Immunofluorescence microscopy
Sections mounted on slides were washed in 1x PBS and incubated in 10% normal donkey serum (Jackson ImmunoResearch Laboratories, Inc., West Grove, PA) in 1x PBS and 0.3% Triton X-100 (PBST) overnight at 4 C. Sections were incubated overnight at room temperature with primary antibodies or antisera diluted in 4% normal donkey serum in PBST (see detailed protocols below). After four washes in 1x PBS, slides were incubated for 1 h at room temperature with the appropriate fluorescently labeled secondary antibody diluted in 4% normal donkey serum in PBST. Sections were washed twice in 1x PBS and coverslipped with Vectashield containing 4',6-diamido-2-phenylindole hydrochloride (Vector Laboratories, Inc., Burlingame, CA). Exclusion of the primary antibody and application of normal goat IgG were run as negative controls to confirm the specificity of the immunostain, as indicated in the figure legends. Slides were viewed using fluorescence microscopy, and digital images were collected using a SpotRT monochrome digital camera (Diagnostic Instruments, Sterling Heights, MI) and the Metamorph image analysis system (version 4.5, Universal Imaging Corp., West Chester, PA).

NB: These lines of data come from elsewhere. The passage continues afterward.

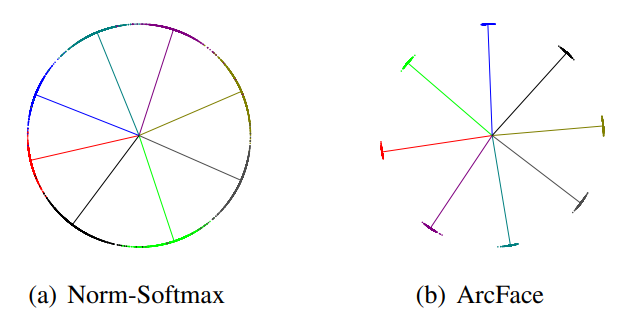 얼굴 인식의 핵심은 같은 사람은 feature space에서 가깝고, 다른 사람은 멀리 배치하는 것입니다. 하지만 기존 softmax(a)는 feature 간의 각도를 충분히 구분하지 못해 decision boundary가 명확하지 않다는 문제가 있었습니다. ArcFace(b)는 여기에 angular margin을 추가해 같은 클래스는 더 촘촘히 모이고, 다른 클래스는 더 멀어지도록 유도하여 구분력을 극적으로 높였습니다.
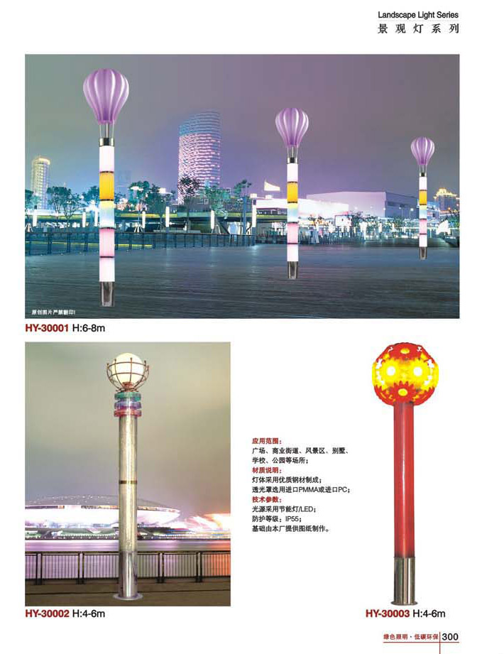 用途:景觀燈適用市政工程、園林亮化工程和公園、開發區、別墅區、廣場等戶外路燈照明工程
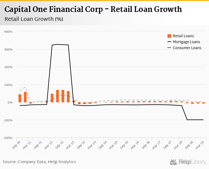 Capital One Financial Corp's retail loans reached USD 169,084 mil at the end of 2019-03-31, down 3.69% compared to the previous year. In the last decade, the average annual loan growth amounted to 0%.
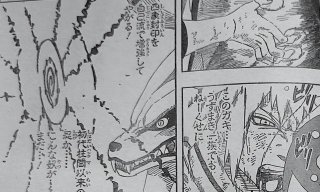 此时玖辛奈的心世界中,九尾依旧在蛊惑玖辛奈,还让玖辛奈解除封印,就在这个时候,玖辛奈本来松动的封印被人加固了,原来是水门加强了玖辛奈的封印。九尾看到水门的操作后也很震惊,它说水门明明不是漩涡一族的人却能用自己的招式加强封印,自从初代火影以来,它还没见过这种人。

Localization of inhibin subunits was carried out by incubating tissues in mouse monoclonal antihuman -subunit (Diagnostic Systems Laboratories), rabbit antihuman -subunit IgG, rabbit antihuman ß_A-subunit IgG, or rabbit antihuman ß_B-subunit IgG (gifts from W. W. Vale, The Salk Institute, La Jolla, CA) diluted 1:200 in PBST. After four 1x PBS washes, tissues were incubated with fluorescein isothiocyanate (FITC)-conjugated donkey antimouse IgG (1:200 in PBST; Jackson ImmunoResearch Laboratories, Inc.), or Cy3-conjugated donkey antirabbit IgG (diluted 1:800 in PBST; Jackson ImmunoResearch Laboratories, Inc.).

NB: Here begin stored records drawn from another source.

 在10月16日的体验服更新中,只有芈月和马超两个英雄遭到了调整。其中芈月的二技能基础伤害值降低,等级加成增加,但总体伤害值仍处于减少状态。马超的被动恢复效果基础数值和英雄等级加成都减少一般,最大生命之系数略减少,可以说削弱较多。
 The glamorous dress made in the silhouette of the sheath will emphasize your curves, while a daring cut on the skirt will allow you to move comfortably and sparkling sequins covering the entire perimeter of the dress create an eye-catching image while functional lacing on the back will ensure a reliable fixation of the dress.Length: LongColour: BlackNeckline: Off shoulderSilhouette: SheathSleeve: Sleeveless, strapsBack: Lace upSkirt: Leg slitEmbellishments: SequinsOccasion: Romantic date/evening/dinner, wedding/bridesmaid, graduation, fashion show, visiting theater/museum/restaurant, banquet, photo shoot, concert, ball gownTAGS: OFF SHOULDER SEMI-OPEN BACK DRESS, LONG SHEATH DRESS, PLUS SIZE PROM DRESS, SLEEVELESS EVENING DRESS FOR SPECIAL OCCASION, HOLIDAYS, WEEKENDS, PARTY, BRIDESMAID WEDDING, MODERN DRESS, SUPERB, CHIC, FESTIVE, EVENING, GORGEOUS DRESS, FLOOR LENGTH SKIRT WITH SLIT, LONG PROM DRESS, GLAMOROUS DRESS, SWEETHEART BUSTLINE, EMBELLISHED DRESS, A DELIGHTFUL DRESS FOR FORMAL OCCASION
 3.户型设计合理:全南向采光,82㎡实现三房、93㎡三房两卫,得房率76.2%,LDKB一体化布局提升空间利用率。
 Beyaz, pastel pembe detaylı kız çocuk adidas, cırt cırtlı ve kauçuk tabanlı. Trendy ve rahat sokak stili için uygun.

Colocalization of FSHß and betaglycan was achieved by applying cocktails of affinity-purified goat antihuman TGFß type III receptor IgG (5 µg/ml in PBST; R&D Biosystems, Minneapolis, MN) and rabbit antisera directed against rat FSHß (diluted 1:50 in PBST; provided by Dr. A. Parlow, National Hormone and Pituitary Program) to tissues. After four washes in 1x PBS, tissues were subsequently incubated with Cy3-conjugated donkey antigoat IgG (diluted 1:800 in PBST; Jackson ImmunoResearch Laboratories, Inc.) and FITC-conjugated donkey antirabbit IgG (1:200 in PBST; Jackson ImmunoResearch Laboratories, Inc.).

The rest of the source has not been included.